[特別レポート]

次世代へ進む太陽光発電と蓄電システム

― 脱炭素に向けて加速する家庭用蓄電池市場 ―
2021/06/04
(金)
インプレスSmartGridニューズレター編集部

政府が宣言した「2050年カーボンニュートラル(CN、排出実質ゼロ)に伴うグリーン成長戦略」が動き出した。
グリーン成長戦略では、社会の基本単位である住宅(家庭)への太陽光発電(PV)と蓄電池システムの導入も、重点14産業(注1)の重要な柱の1つとしても位置づけられ、次世代システムへ大きく進化しようとしている。
日本では、2030年までに新築住宅でZEH(ゼッチ。ネット・ゼロ・エネルギー・ハウス)を普及させる動きなどが活発化しており、家庭用蓄電池システムの導入コストの低減施策も検討されている。
ここでは、2022年度から施行される新しい特定計量制度などを見ながら、住宅(家庭)用の「太陽光発電システム/定置用蓄電システム」の市場動向を紹介する。

住宅用太陽光発電システムの市場動向

〔1〕注目される「第6次エネルギー基本計画」

 日本政府は、2021年4月に開催された気候サミット(主催:米国バイデン大統領、40カ国が参加)で、パリ協定の実現に向けて、2030年の日本のCO2排出目標を、従来の26%から46%(さらに50%削減に挑戦)に引き上げるという、野心的な目標を発表した。

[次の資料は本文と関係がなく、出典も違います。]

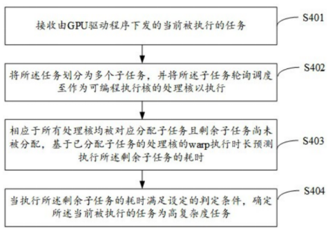 圖為應(yīng)用于GPU的確定任務(wù)復(fù)雜度方法流程示意圖,該方法包括:首先接收由GPU驅(qū)動(dòng)程序22下發(fā)的當(dāng)前被執(zhí)行的任務(wù)(S401);然后將所述任務(wù)劃分為多個(gè)子任務(wù),并將所述子任務(wù)輪詢調(diào)度至作為可編程執(zhí)行核24的處理核300以執(zhí)行(S402);相應(yīng)于所有處理核300均被對(duì)應(yīng)分配子任務(wù)且剩余子任務(wù)尚未被分配,基于已分配子任務(wù)的處理核300的warp執(zhí)行時(shí)長(zhǎng)預(yù)測(cè)執(zhí)行所述剩余子任務(wù)的耗時(shí)(S403);最后當(dāng)執(zhí)行所述剩余子任務(wù)的耗時(shí)滿足設(shè)定的判定條件時(shí),確定所述當(dāng)前被執(zhí)行的任務(wù)為高復(fù)雜度任務(wù)(S404)。

 このため、2021年夏に発表が予定されている「第6次エネルギー基本計画」において、エネルギーミックス(さまざまな発電方法を組み合わせて電気をつくること)をどのように実現するのか、注目されている。同基本計画では、太陽光発電システムも重要な位置づけとなっているため、まず住宅用太陽光発電システムの市場動向を見ていく。

〔2〕次世代へと進展する太陽光発電システム

 図1に、現在から次世代(2022年4月以降)へと進展する、住宅用太陽光発電システムのイメージを示す。

図1 現在と次世代の太陽光発電システムのイメージ

図1 現在と次世代の太陽光発電システムのイメージ

太陽電池アレイ:太陽電池モジュールを複数枚並べ、直列/並列接続し、屋根に設置したもの(住宅に太陽光発電システムを設置する場合、太陽電池はモジュール単位で販売され設置される)。
接続箱:太陽電池アレイからの直流配線を1本にまとめて、パワーコンディショナーに接続するための装置。
分電盤:電力会社などの商用電力系統からの電気を、建物の1階や2階に分配できるような機能を備えた機器(ボックス)のこと。パワーコンディショナーと商用電力系統との連系点。単に電気を分配するだけでなく、過度に流れた電流を遮断するブレーカーや、漏電遮断器等を内蔵し、火災などを防ぐ機能も備えている。
出所 http://www.jpea.gr.jp/pvj2018/webdownload/SS_2_5.pdf
https://www.enecho.meti.go.jp/about/special/johoteikyo/denjihokaisei_04.html
https://www.meti.go.jp/shingikai/energy_environment/keiryo_seido/pdf/001_02_00.pdf

 図1に示すように、次世代の住宅用太陽光発電システムでは、

  1. 電力会社と住宅(家庭)の境界には、従来のように計量法で検定を受けた電力量計(スマートメーター)を使用するが、
  2. エアコンや冷蔵庫、テレビなどの家電機器、さらに蓄電池や電気自動車(EV)充電器などには、新しい「特定計量制度」(2022年4月1日施行)のもとに、計量法の検定を受けなくても一定基準を満たした電力計(例:コンセント型や機器内蔵型などの小型計量器)を設置できるようにして合理化し、VPP(Virtual Power Plant)ビジネスなどを促進できる環境を整備する。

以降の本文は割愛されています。